I'm not arguing that the idea behind this patch set is necessarily bad.
Quite the contrary, it does look interesting to me. I'm just saying that
IMO it can't replace hard/soft limits. It probably could if it was
possible to shrink buffers, but I don't think it's feasible, even
theoretically. That's why I propose not to change the behavior of the
existing per memcg tcp limit at all. And frankly I don't get why you are
so keen on simplifying it. You say it's a "crapload of boilerplate
code". Well, I don't see how it is - it just replicates global knobs and
I don't see how it could be done in a better way. The code is hidden
behind jump labels, so the overhead is zero if it isn't used. If you
really dislike this code, we can isolate it under a separate config
option. But all right, I don't rule out the possibility that the code
could be simplified. If you do that w/o breaking it, that'll be OK to
me, but I don't see why it should be related to this particular patch
set.
>
> The *next* step would be to figure out whether we can actually
> *reclaim* memory in the network subsystem--shrink windows and steal
> buffers back--and that might even be an avenue to replace tcp window
> limits. But it's not necessary for *this* patch series to be useful.
Again, I don't think we can *reclaim* network memory, but you're right.
>
> > > So this seemed like a good way to prove a new mechanism before rolling
> > > it out to every single Linux setup, rather than switch everybody over
> > > after the limited scope testing I can do as a developer on my own.
> > >
> > > Keep in mind that my patches are not committing anything in terms of
> > > interface, so we retain all the freedom to fix and tune the way this
> > > is implemented, including the freedom to re-add tcp window limits in
> > > case the pressure balancing is not a comprehensive solution.
> >
> > I really dislike this kind of proof. It looks like you're trying to
> > push something you think is right covertly, w/o having a proper
> > discussion with networking people and then say that it just works
> > and hence should be done globally, but what if it won't? Revert it?
> > We already have a lot of dubious stuff in memcg that should be
> > reverted, so let's please try to avoid this kind of mistakes in
> > future.
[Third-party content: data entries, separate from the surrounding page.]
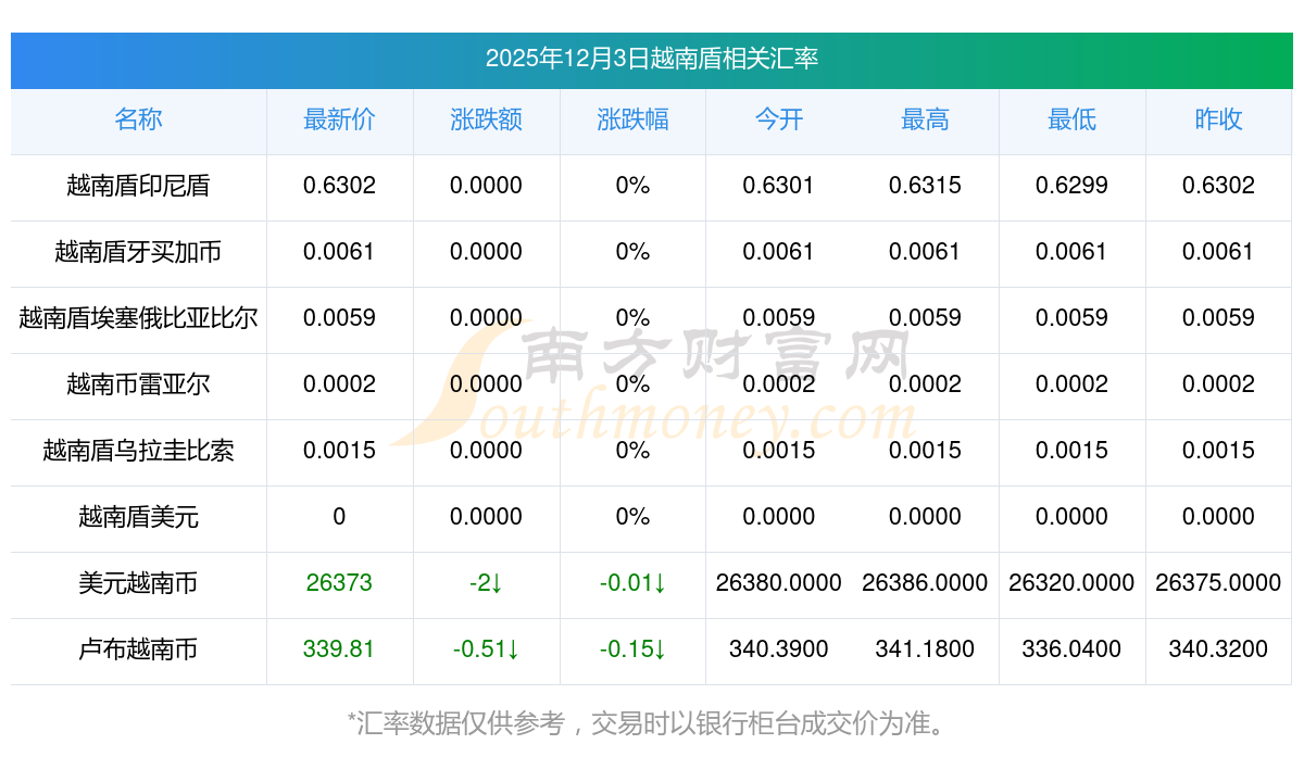2025年12月3日最新消息,越南盾兑换丹麦克朗最新汇率为0.000243,今开为0.0002,昨收为0.0002,最高为0.0002,最低为0.0002。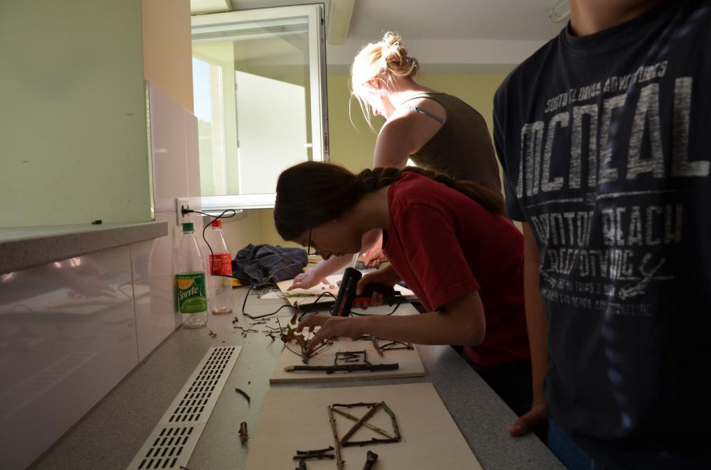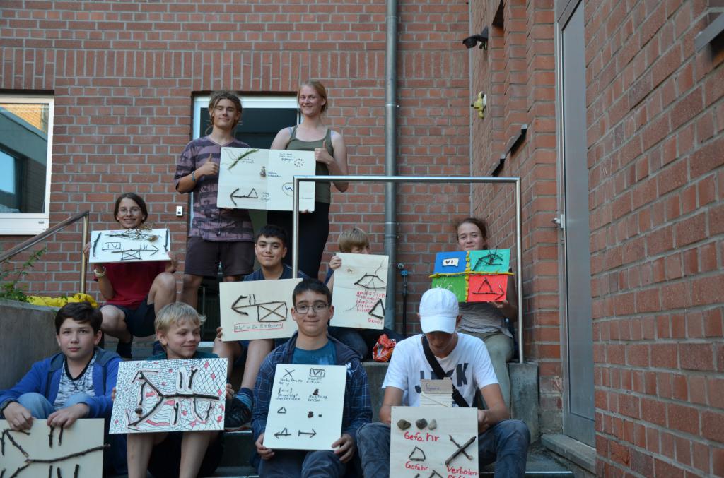 Wie haben sich damals die Pfadfinder wohl verständigt, wenn sich die Gruppe aufgeteilt hat, um vorzugehen? Mit Waldläuferzeichen. Diese Waldläuferzeichen, meist gemacht aus dem was einem der Wald gibt, also Stöcken und Steinen, weisen den Weg für die hintere Gruppe, damit auch diese zum Lagerplatz gelangt. Die Jupfis haben in der letzten Truppstunde ein Teil der Waldläuferzeichen auf Brettern verewigt und zum Auswendiglernen vorbereitet.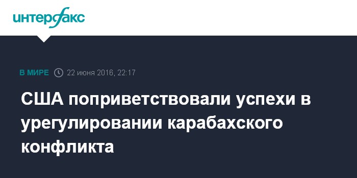 Москва. 22 июня. INTERFAX.RU - Вашингтон отмечает успехи в процессе урегулирования карабахского конфликта после встречи президентов России, Азербайджана и Армении в Санкт-Петербурге, заявил посол США в Баку Роберт Секута.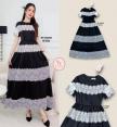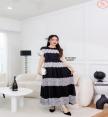 DETAIL : เดรสยาวดีไซส์คอกลม สีดำแต่งตัดสลับกับลูกไม้สีขาว เป็นชั้น ๆ งานสวยเนื้อผ้าดี มีซับในซิปหลังจ้าา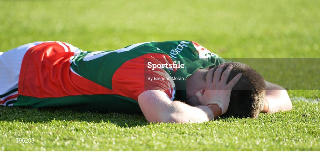 22 September 2013; A dejected Cillian O'Connor, Mayo, following his side's defeat. GAA Football All-Ireland Senior Championship Final, Dublin v Mayo, Croke Park, Dublin. Picture credit: Brendan Moran / SPORTSFILE

Note, I say "w/o having a proper discussion with networking
> > people", because I don't think they will really care *unless* you
> > change the global logic, simply because most of them aren't very
> > interested in memcg AFAICS.
>
> Come on, Dave is the first To and netdev is CC'd. They might not care
> about memcg, but "pushing things covertly" is a bit of a stretch.
Sorry if it sounded rude to you. I just look back at my experience
patching slab internals to make kmem accountable, and AFAICS Christoph
didn't really care about *what* I was doing, he only cared about the
global case - if there was no performance degradation when kmemcg was
disabled, he was usually fine with it, even if from the memcg pov it was
a crap.
Anyway, I can't force you to patch the global case first or
simultaneously with the memcg case, so let's just hope I'm a bit too
overcautious.
>
> > That effectively means you loose a chance to listen to networking
> > experts, who could point you at design flaws and propose an improvement
> > right away. Let's please not miss such an opportunity. You said that
> > you'd seen this problem happen w/o cgroups, so you have a use case that
> > might need fixing at the global level. IMO it shouldn't be difficult to
> > prepare an RFC patch for the global case first and see what people think
> > about it.
>
> No, the problem we are running into is when network memory is not
> tracked per cgroup. The lack of containment means that the socket
> memory consumption of individual cgroups can trigger system OOM.
>
> We tried using the per-memcg tcp limits, and that prevents the OOMs
> for sure, but it's horrendous for network performance. There is no
> "stop growing" phase, it just keeps going full throttle until it hits
> the wall hard.
>
> Now, we could probably try to replicate the global knobs and add a
> per-memcg soft limit. But you know better than anyone else how hard it
> is to estimate the overall workingset size of a workload, and the
> margins on containerized loads are razor-thin. Performance is much
> more sensitive to input errors, and often times parameters must be
> adjusted continuously during the runtime of a workload. It'd be
> disasterous to rely on yet more static, error-prone user input here.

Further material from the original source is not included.